長さもそうですが、物語も映像も暗そうだし。。。
ただ、巷のいくつかの感想を読んで、後悔したくはないと腰を上げました。

結果は・・・見逃さないで本当に良かった!
最初は、物語の軸、登場人物(メインキャラは4人)たちの輪郭などがつかめず苦戦。
(お恥ずかしながら、最初の1時間は睡魔との戦いあせあせ(飛び散る汗)
だが、ある程度把握できてからは、のめり込みました。
途中、何度か『牯嶺街少年殺人事件』を思い出す場面も。。。

「天才か!」って叫びたくなった見応えある構図の数々。
中でも、長い貨物列車が低音を響かせ、いつまでもいつまでも、やるせなく流れてゆく場面は絶品!!
それは、紛れもなく、登場人物たちに重くのしかかっている不幸不運続きのメタファー。

ただ、全体的に長回しが多くて・・・。
また、会話が終わっても、カメラは沈黙を取り続けるんです。
これが効果的な場面もあったとは思ったけど、でも、でも、ちょっと観ているのが苦痛になった時もあったのは事実。

また、メインの人物以外の被写体がぼけている。
(これって正式には何っていうの?out of focus?)
これが、なんというか・・・勇気というか、挑戦というか、いやはや、おったまげました。
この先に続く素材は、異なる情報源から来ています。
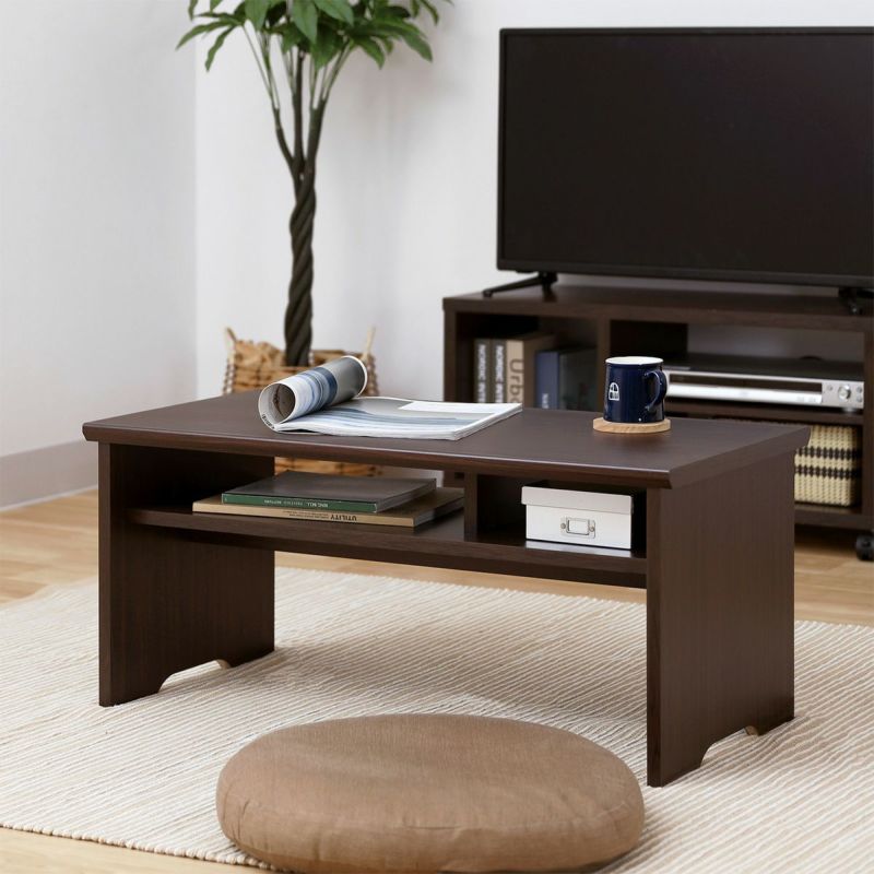 テーブル 机 幅81cm 高さ37cm ダークブラウン 中棚付き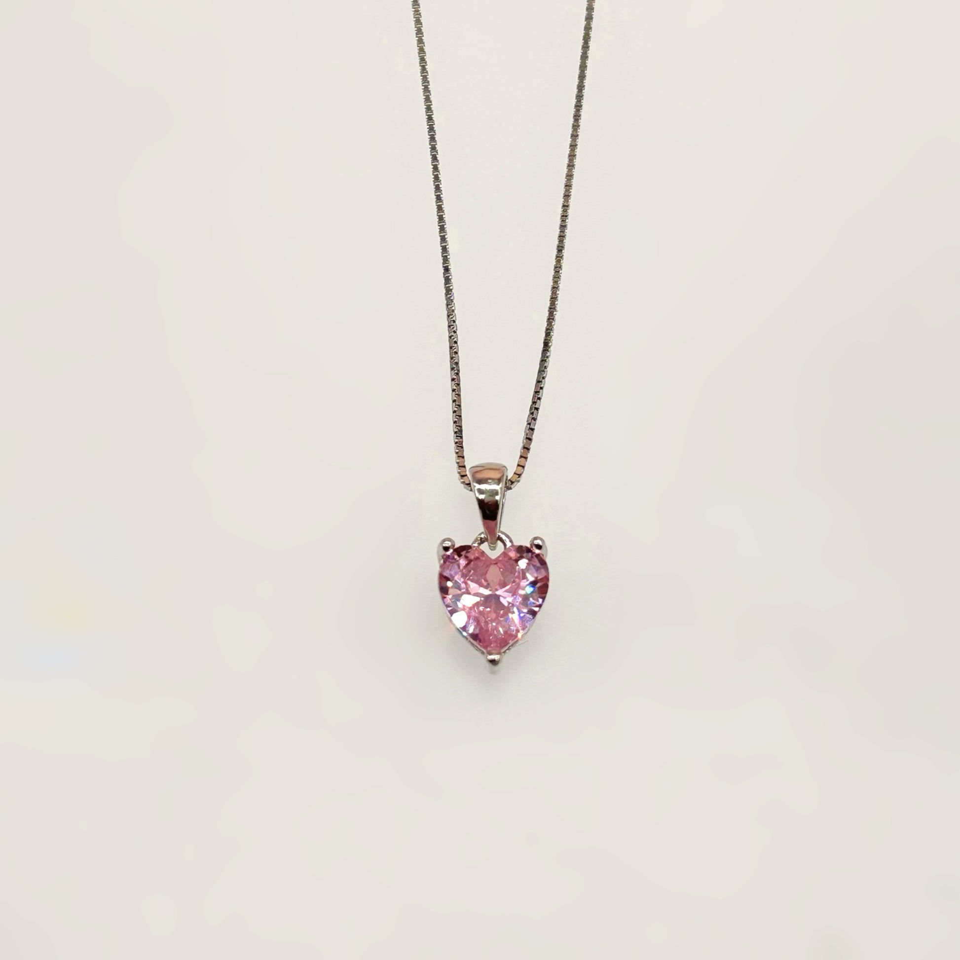 Pink Heart Solitaire Necklace in Italian 92.5 Silver

私は詳しくないですが、フー・ボー監督、ハンガリーのタル・ベーラ監督を師を仰いでいたようですね。
(この前『サタンタンゴ』見逃してしまったし・・・たらーっ(汗)

犬、ケーキ、マッチ棒、老人ホーム。。。
印象的な場面の数々。

中でも、面白かったのが、老人ジンが、中盤あたりからずっと手に持っている、ビリヤードのキュー。
杖代わり?というわけでもない感じで、改めて考えたら、英語の「cue」って、きっかけとか、手がかりとか、合図っていう意味があるのよね。
キューをずっと手に持っていたのは、惨めな現実から逃げ出すための、何か手がかりを求めて・・・という意味だったのかもしれない。

エンディングが、めっちゃいいんです。
それまでの暗さに耐えてきたのが、報われたというか・・・。
4時間の先にあの場面で本当に良かった!!

全体的には・・・もうちょっと短くてもよかったのでは?とは思いました。
それでも、フー・ボー監督の才能をスクリーンから目に焼きつけられたことが嬉しい。
でも、次作がもう無いということが・・・あまりにも寂しく、哀しく、残念です。